Stored items from a collection:
========================================
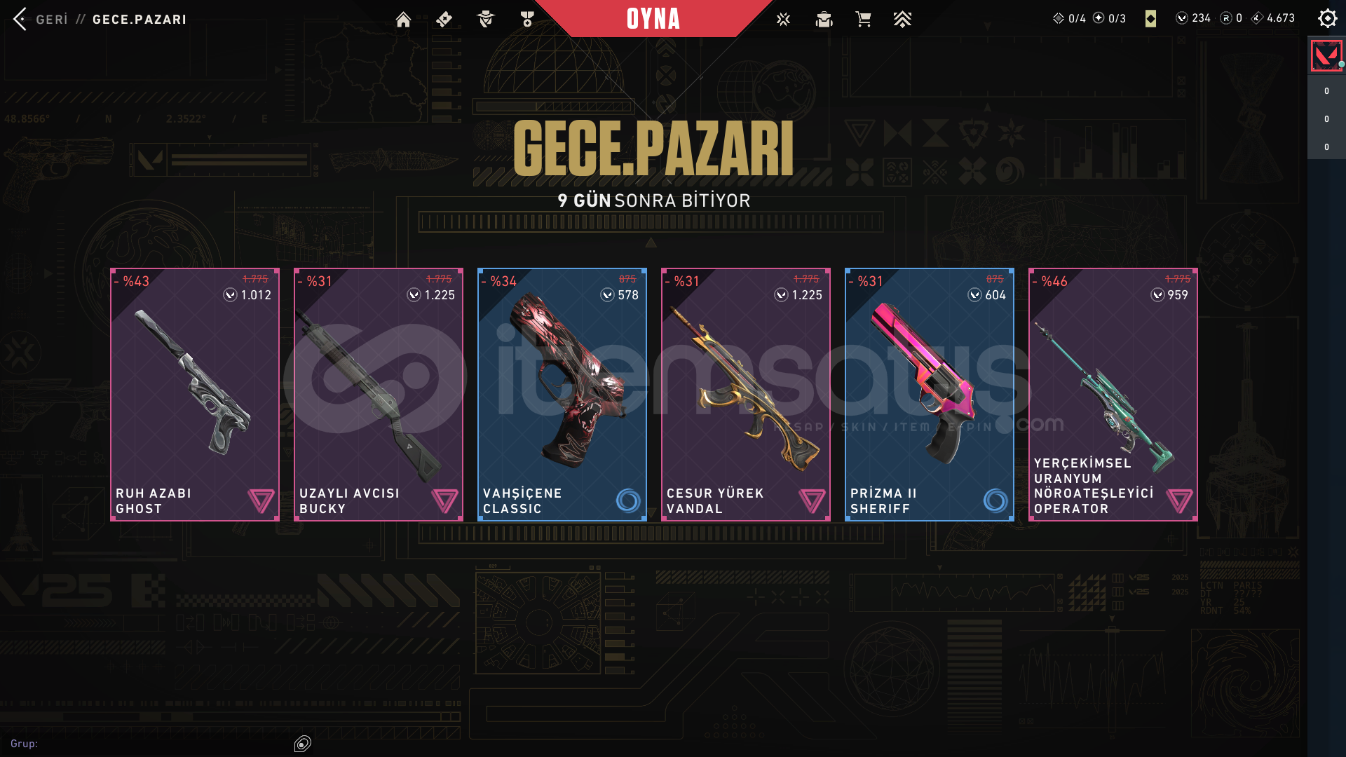 GECE PAZARI: RUH AZABI GHOST: 1.012 VP, UZAYLI AVCISI BUCKY: 1.225 VP, VAHŞİÇENE CLASSIC: 578 VP, CESUR YÜREK VANDAL: 1.225 VP, PRIZMA 2 SHERIFF: 604 VP, YERÇEKİMSEL URANYUM OPERATÖR: 959 VP (İNANILMAZ BİR FİYAT)
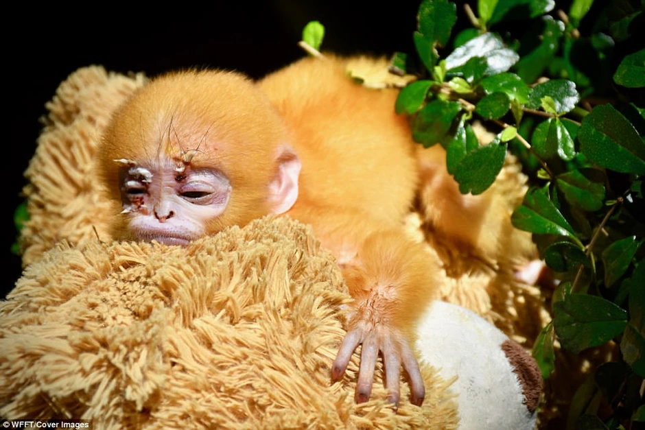 Siročetu majmuna, čiju majku su ubili divlji psi, staratelji su dali plišanu igračku koja imitira njegovog roditelja, i od nje se više ne odvaja.
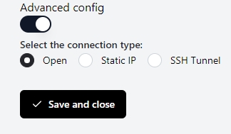 On the Advanced config toggle button, you can select which connection you'd like to perform.
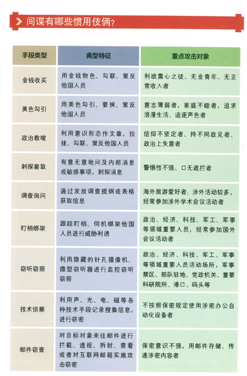 5.若遇到誘騙或策反參加間諜組織,應(yīng)“不理睬、不答復(fù)、不上當(dāng)”,并及時(shí)向國(guó)家安全機(jī)關(guān)、公安機(jī)、所在單位報(bào)告。
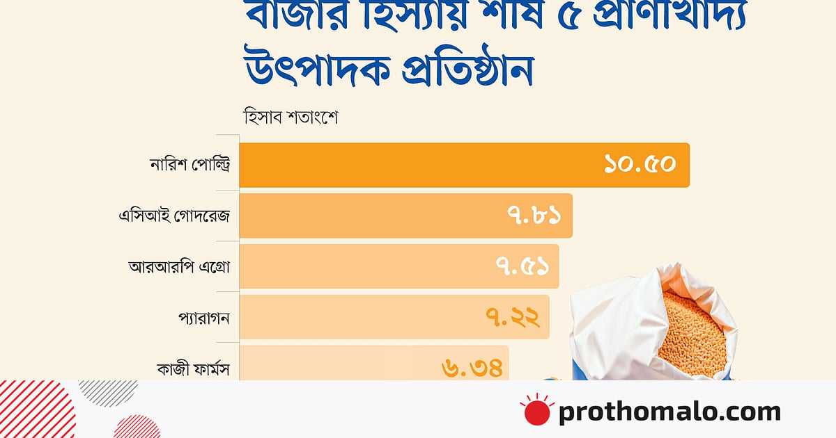 আর্থিক প্রতিষ্ঠান আইডিএলসি গত মার্চে দেশের ফিডশিল্প নিয়ে একটি প্রতিবেদন প্রকাশ করেছে। তাতে দেখা যায়, এই বাজারের সর্বোচ্চ হিস্যা নারিশ পোলট্রির, সাড়ে ১০ শতাংশ বাজার তার দখলে। আর ৭ দশমিক ৮১ শতাংশ বাজার অংশীদারি নিয়ে এই তালিকায় দ্বিতীয় অবস্থানে রয়েছে এসিআই গোদরেজ। আরআরপি অ্যাগ্রোর দখলে রয়েছে ৭ দশমিক ৫১ শতাংশ বাজার। চতুর্থ ও পঞ্চম অবস্থানে রয়েছে প্যারাগন ও কাজী ফার্মস। এরপরের অবস্থানে রয়েছে যথাক্রমে সিপি বাংলাদেশ ও কোয়ালিটি ফিডস।
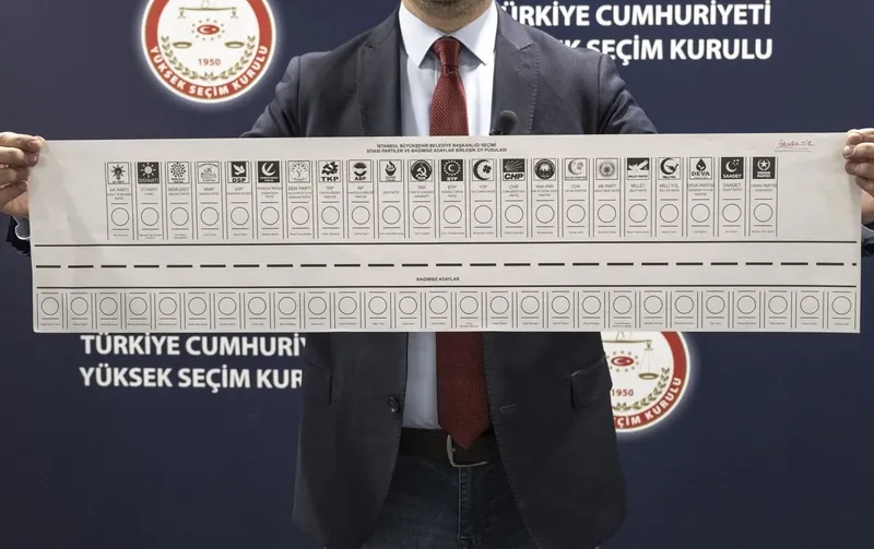 AK Parti 1, İYİ Parti 2, Sol Parti 3, Büyük Birlik Partisi 4, Memleket Partisi 5, Anavatan Partisi 6, Demokratik Sol Parti 7, Yeniden Refah Partisi 8, Halkların Eşitlik ve Demokrasi Partisi (DEM Parti) 9, Türkiye Komünist Partisi 10, Anadolu Birliği Partisi 11, Zafer Partisi 12, Halkın Kurtuluş Partisi 13, Türkiye Komünist Hareketi 14, Bağımsız Türkiye Partisi 15, Gelecek Partisi 16, Yeni Türkiye Partisi 17, CHP 18, Emek Partisi 19, HÜDA PAR 20, Hak ve Özgürlükler Partisi 21, Ocak Partisi 22, Adalet Birlik Partisi 23, Demokrat Parti 24, Güç Birliği Partisi 25, Millet Partisi 26, Milli Yol Partisi 27, Adalet Partisi 28, Aydınlık Demokrasi Partisi 29, MHP 30, Türkiye İşçi Partisi 31, Demokrasi ve Atılım Partisi 32, Saadet Partisi 33, Vatan Partisi 34.
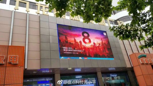 นอกจากที่ Xiaomi จะออกมาประกาศวันเปิดตัวใน Weibo แล้ว ตอนนี้ก็มีการขึ้นป้ายโฆษณาตามบิลบอร์ดต่างๆ รวมถึงหน้าจอโฆษณาตามห้างร้านก็ขึ้นป้ายงานวันเปิดตัว Mi 8 เช่นเดียวกัน
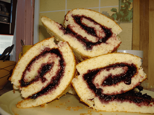 Горячий корж смажьте джемом и сверните в рулет, разрежьте на порции.
========================================
* _Exercise requirements_: Every line from the one bearing "นอกจากที่ Xiaomi จะออกมาประกาศวันเปิดตัวใน" through the end of the data above must be output exactly, and no picture may appear.

* _Answer for the task_:
 นอกจากที่ Xiaomi จะออกมาประกาศวันเปิดตัวใน Weibo แล้ว ตอนนี้ก็มีการขึ้นป้ายโฆษณาตามบิลบอร์ดต่างๆ รวมถึงหน้าจอโฆษณาตามห้างร้านก็ขึ้นป้ายงานวันเปิดตัว Mi 8 เช่นเดียวกัน
 Горячий корж смажьте джемом и сверните в рулет, разрежьте на порции.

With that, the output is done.